Speaking on U.S. public TV on August 28, Obama said he is still evaluating possible military options to punish Syria for the August 21 in the suburbs of Damascus that activists say killed hundreds of people.

"If in fact we make a choice to have repercussions for the use of chemical weapons, then the Assad regime, which is involved in a civil war trying to protect itself, will have received a pretty strong signal that in fact it better not do it again," Obama said.

Obama suggested any possible U.S. military response would be limited in scope.

"I have no interest in any kind of open-ended conflict in Syria, but we do have to make sure that when countries break international norms on weapons, like chemical weapons that could threaten us, that they are held accountable," the U.S. leader explained.

China's foreign minister on August 29 urged restraint over Syria, saying any military intervention in the crisis would only worsen turmoil in the Middle East.

Later on August 29, parliament in Britain will meet in emergency session to vote on whether to back international action against Syria.

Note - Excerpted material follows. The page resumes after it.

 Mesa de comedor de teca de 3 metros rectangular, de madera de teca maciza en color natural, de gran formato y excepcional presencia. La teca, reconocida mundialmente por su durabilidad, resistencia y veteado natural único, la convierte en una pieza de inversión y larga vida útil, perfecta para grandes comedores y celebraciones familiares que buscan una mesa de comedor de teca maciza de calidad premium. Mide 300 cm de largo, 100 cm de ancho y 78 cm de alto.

British Prime Minister David Cameron told British lawmakers he would not back military action in Syria until UN weapons inspectors on the ground in Syria have a chance to report their findings.

The UN inspectors are due to wrap up their 14-day mission in Syria over the weekend.

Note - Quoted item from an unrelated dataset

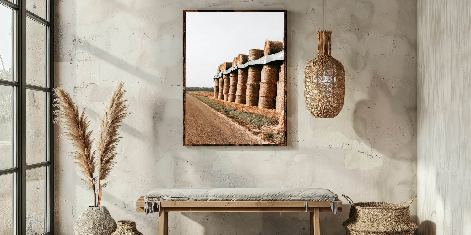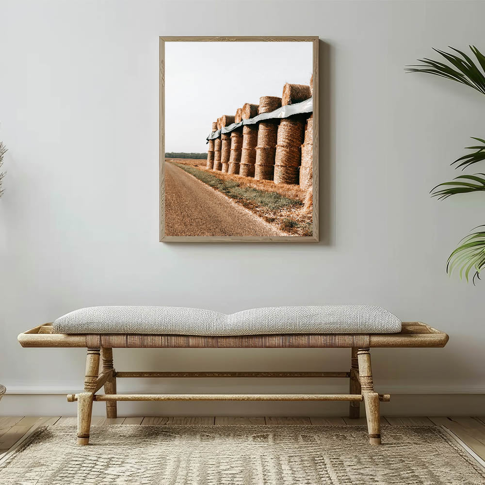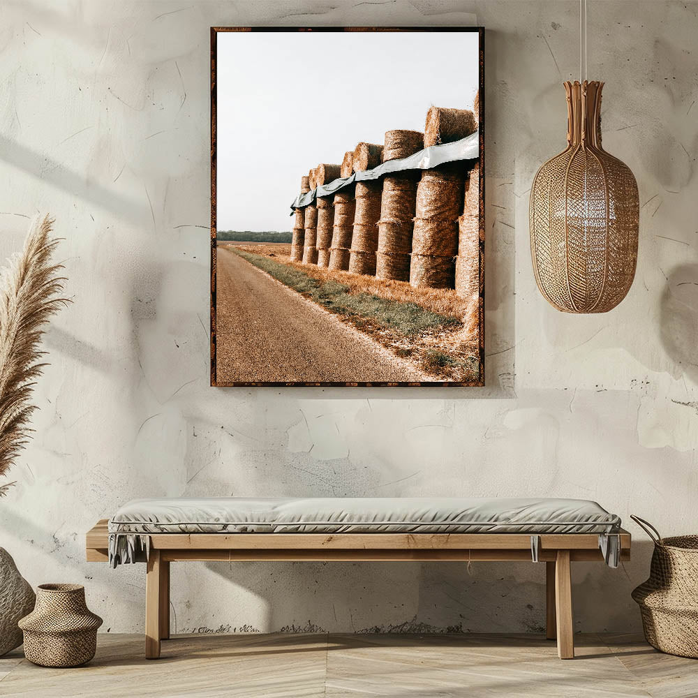 Farmhouse Wall Art - Stacked Hay Bales by Country Road with Rustic Charm

UN Secretary-General Ban Ki-moon on August 28 urged the inspectors be given time to finish their work.

At the UN Security Council, Britain put forward a draft resolution seeking authorization for the use of force, but Russia, as expected, objected, saying it was too early to consider such a measure.

UN Syria envoy Lakhdar Brahimi said on August 28 that any military action in Syria must have UN approval.

"I think international law is clear on this. International law says that military action must be taken after a decision by the [UN] Security Council. That is what international law says," Brahimi stated.

Also at the UN, Syria's ambassador Bashar Jaafar urged the United Nations to immediately send inspectors to” investigate three instances of  use of  war chemicals  against Syrian servicemen”  in the suburbs of Damascus on August 22, 24, and 25.

Meanwhile, Russian President Vladimir Putin and Iranian President Hassan Rohani spoke by phone about Syria, stressing diplomatic means must be pursued to resolve the crisis.